---------- Excerpted data ----------

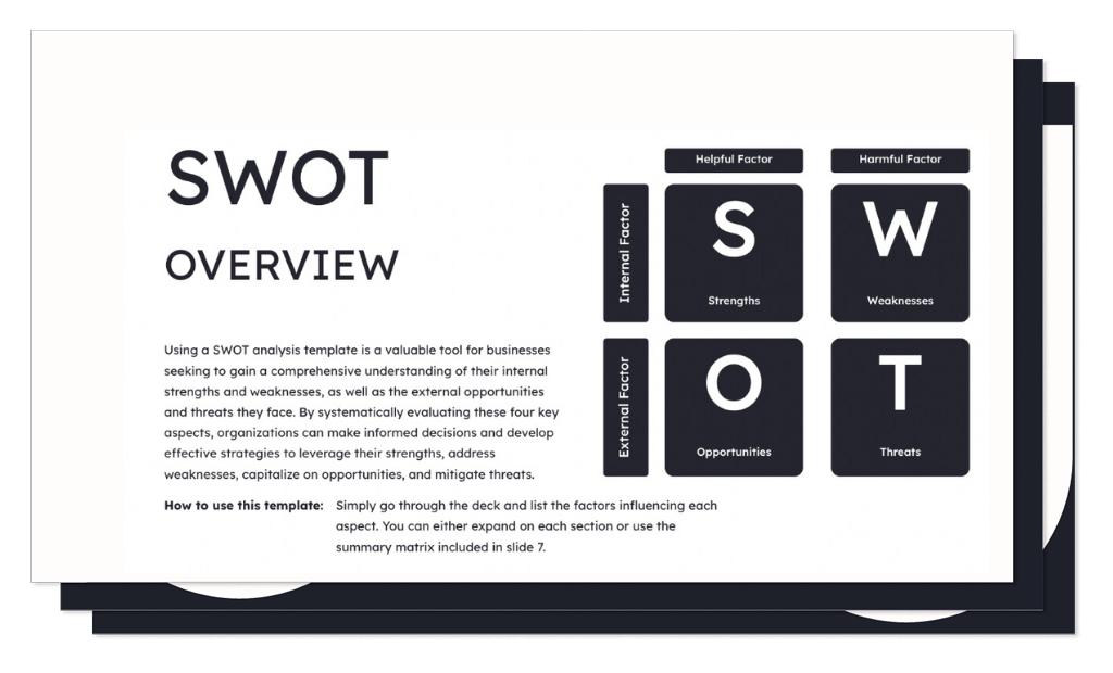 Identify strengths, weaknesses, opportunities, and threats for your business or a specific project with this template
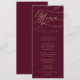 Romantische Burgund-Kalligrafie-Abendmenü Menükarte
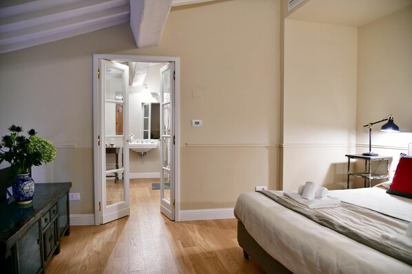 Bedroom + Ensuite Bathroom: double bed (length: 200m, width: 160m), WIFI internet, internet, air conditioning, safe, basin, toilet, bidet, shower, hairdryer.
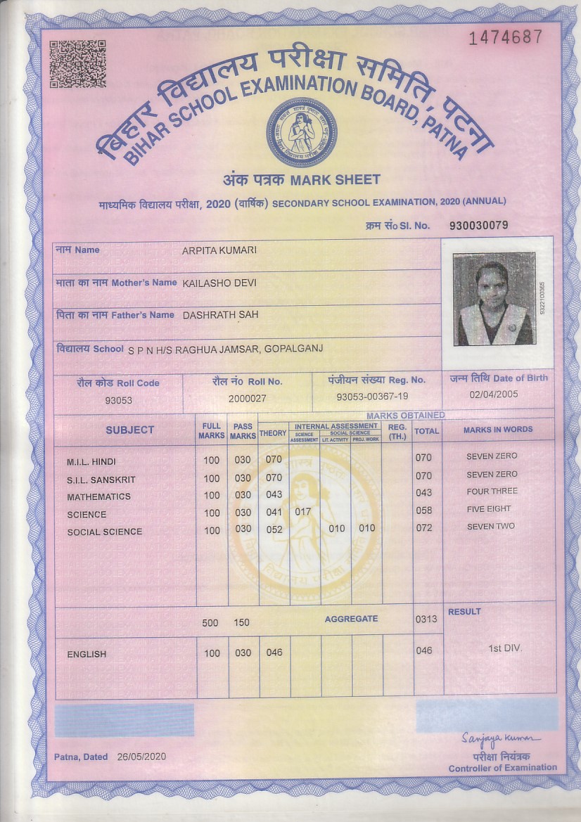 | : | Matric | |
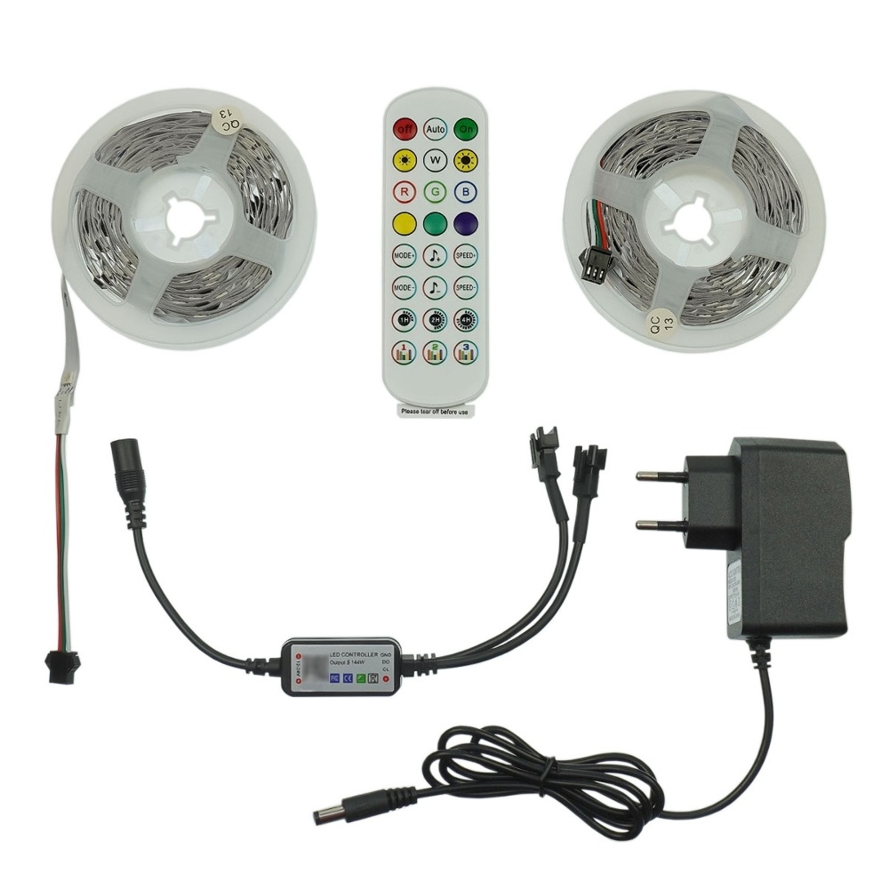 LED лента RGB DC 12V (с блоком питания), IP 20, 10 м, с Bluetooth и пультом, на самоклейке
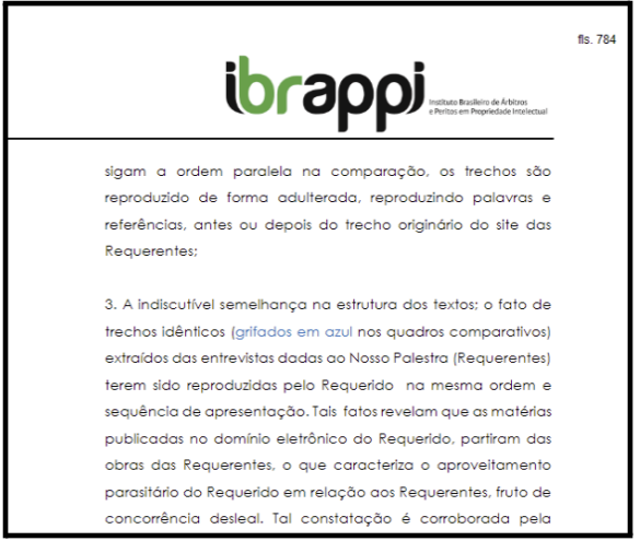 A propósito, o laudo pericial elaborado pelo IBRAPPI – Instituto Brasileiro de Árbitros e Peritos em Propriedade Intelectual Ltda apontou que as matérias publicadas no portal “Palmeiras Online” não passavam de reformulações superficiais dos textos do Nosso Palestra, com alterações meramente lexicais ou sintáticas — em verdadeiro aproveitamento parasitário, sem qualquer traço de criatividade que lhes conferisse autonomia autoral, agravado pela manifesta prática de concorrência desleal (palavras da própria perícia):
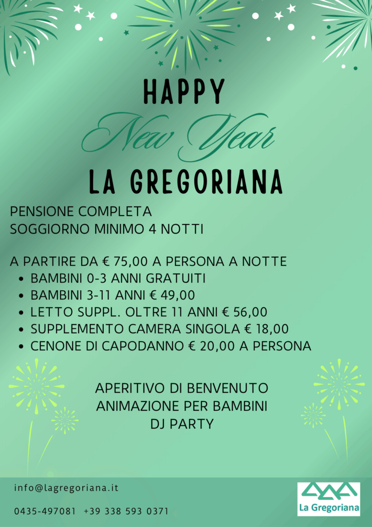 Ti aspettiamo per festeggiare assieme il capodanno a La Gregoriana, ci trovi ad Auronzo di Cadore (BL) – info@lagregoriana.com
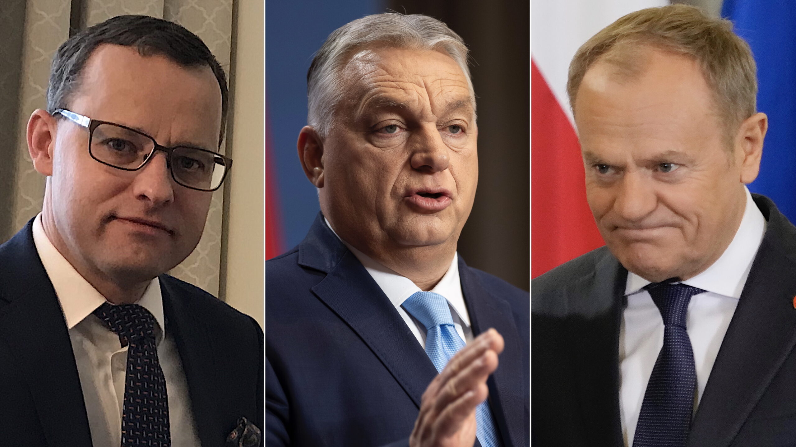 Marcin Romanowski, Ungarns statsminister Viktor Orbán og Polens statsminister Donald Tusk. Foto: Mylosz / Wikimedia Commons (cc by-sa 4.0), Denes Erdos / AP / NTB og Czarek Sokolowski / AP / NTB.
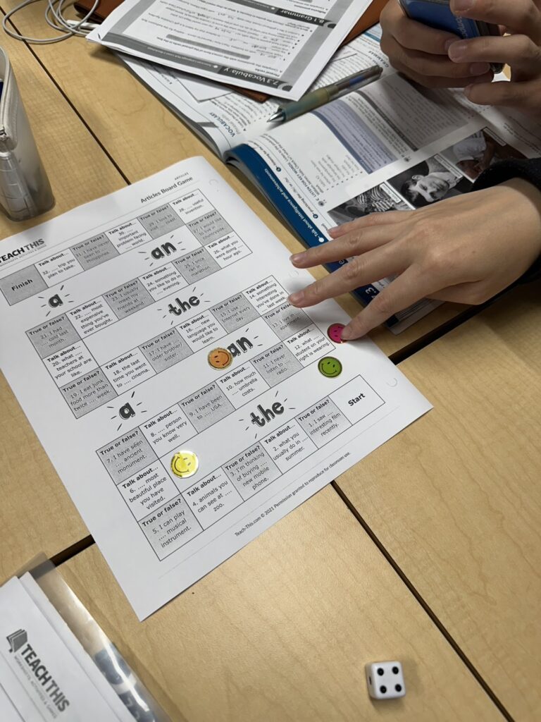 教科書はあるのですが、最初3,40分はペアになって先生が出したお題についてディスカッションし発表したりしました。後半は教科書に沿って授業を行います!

----------
---------- Excerpted data ----------

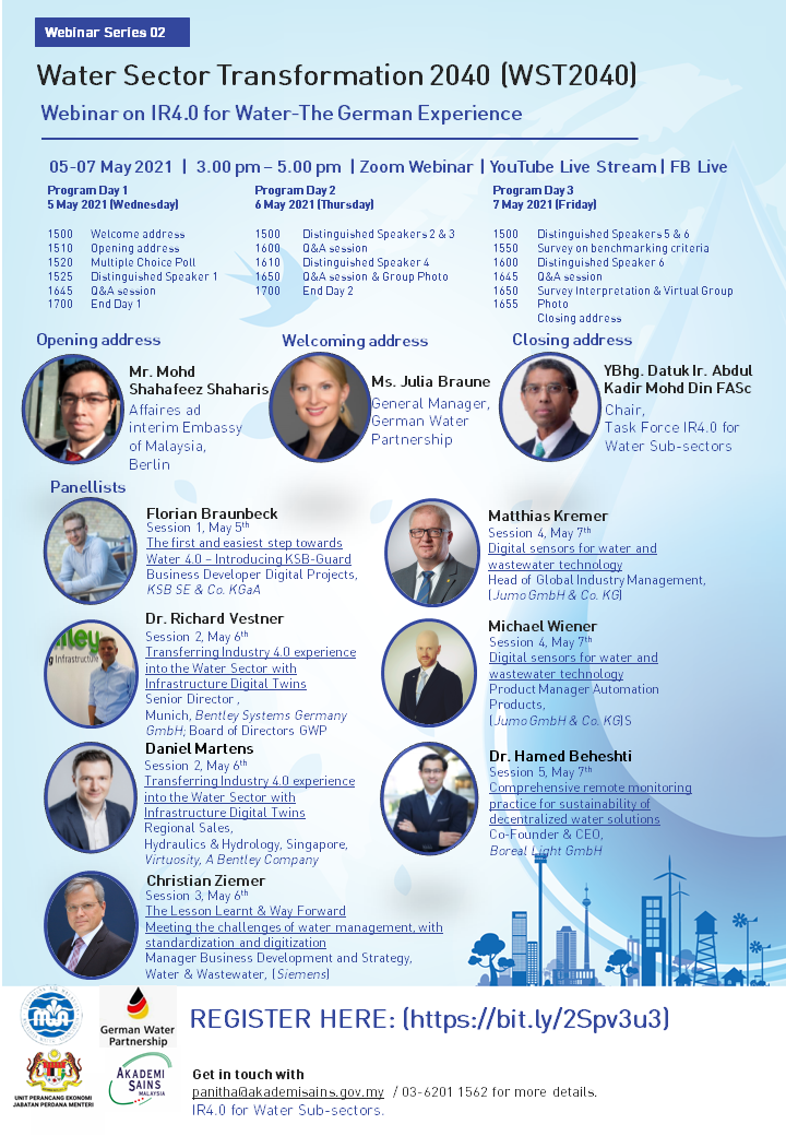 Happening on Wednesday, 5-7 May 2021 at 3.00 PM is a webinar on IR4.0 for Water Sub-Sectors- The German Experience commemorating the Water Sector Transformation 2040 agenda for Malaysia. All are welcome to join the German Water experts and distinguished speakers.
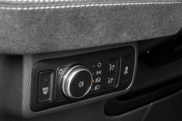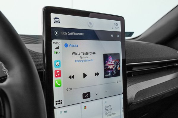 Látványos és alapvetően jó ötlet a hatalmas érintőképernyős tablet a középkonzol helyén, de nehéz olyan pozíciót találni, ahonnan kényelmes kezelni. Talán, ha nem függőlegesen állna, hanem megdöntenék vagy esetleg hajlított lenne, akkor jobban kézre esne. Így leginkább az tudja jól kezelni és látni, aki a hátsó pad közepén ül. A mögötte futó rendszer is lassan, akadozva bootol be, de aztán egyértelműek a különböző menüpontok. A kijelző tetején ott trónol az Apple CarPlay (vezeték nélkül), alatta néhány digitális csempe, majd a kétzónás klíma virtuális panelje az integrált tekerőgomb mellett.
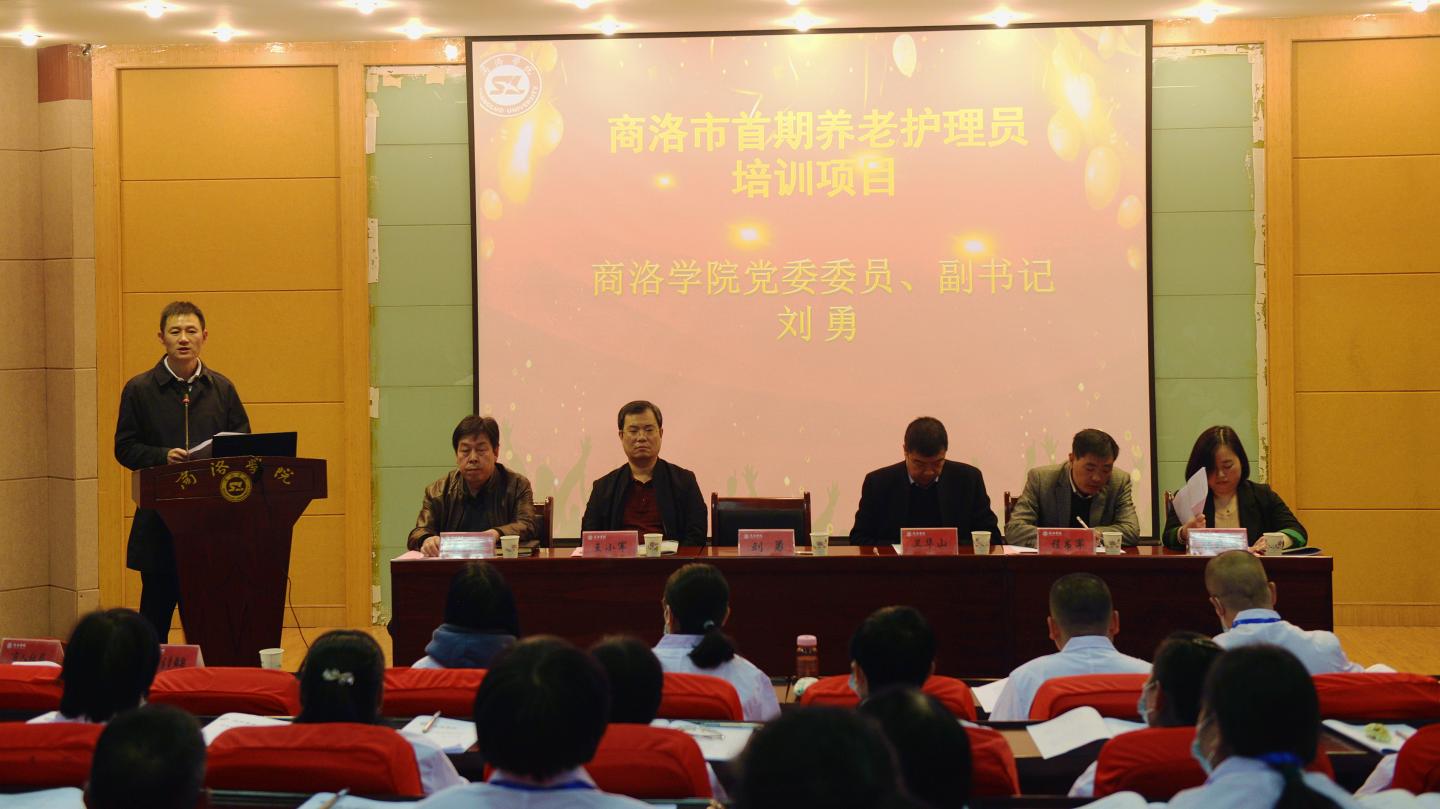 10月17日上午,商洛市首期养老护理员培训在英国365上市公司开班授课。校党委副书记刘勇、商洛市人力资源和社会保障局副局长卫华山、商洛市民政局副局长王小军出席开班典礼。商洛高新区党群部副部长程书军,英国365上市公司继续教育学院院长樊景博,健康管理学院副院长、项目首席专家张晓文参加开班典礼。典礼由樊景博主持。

----------

What this task involves » Would you output the lines above from the line holding "Identify strengths, weaknesses, opportunities, and" up to and including the line holding "Ti aspettiamo per", exactly and only those, with no pictures?

Solved exercise »
 Identify strengths, weaknesses, opportunities, and threats for your business or a specific project with this template
 Romantische Burgund-Kalligrafie-Abendmenü Menükarte
 Bedroom + Ensuite Bathroom: double bed (length: 200m, width: 160m), WIFI internet, internet, air conditioning, safe, basin, toilet, bidet, shower, hairdryer.
 | : | Matric | |
 LED лента RGB DC 12V (с блоком питания), IP 20, 10 м, с Bluetooth и пультом, на самоклейке
 A propósito, o laudo pericial elaborado pelo IBRAPPI – Instituto Brasileiro de Árbitros e Peritos em Propriedade Intelectual Ltda apontou que as matérias publicadas no portal “Palmeiras Online” não passavam de reformulações superficiais dos textos do Nosso Palestra, com alterações meramente lexicais ou sintáticas — em verdadeiro aproveitamento parasitário, sem qualquer traço de criatividade que lhes conferisse autonomia autoral, agravado pela manifesta prática de concorrência desleal (palavras da própria perícia):
 Ti aspettiamo per festeggiare assieme il capodanno a La Gregoriana, ci trovi ad Auronzo di Cadore (BL) – info@lagregoriana.com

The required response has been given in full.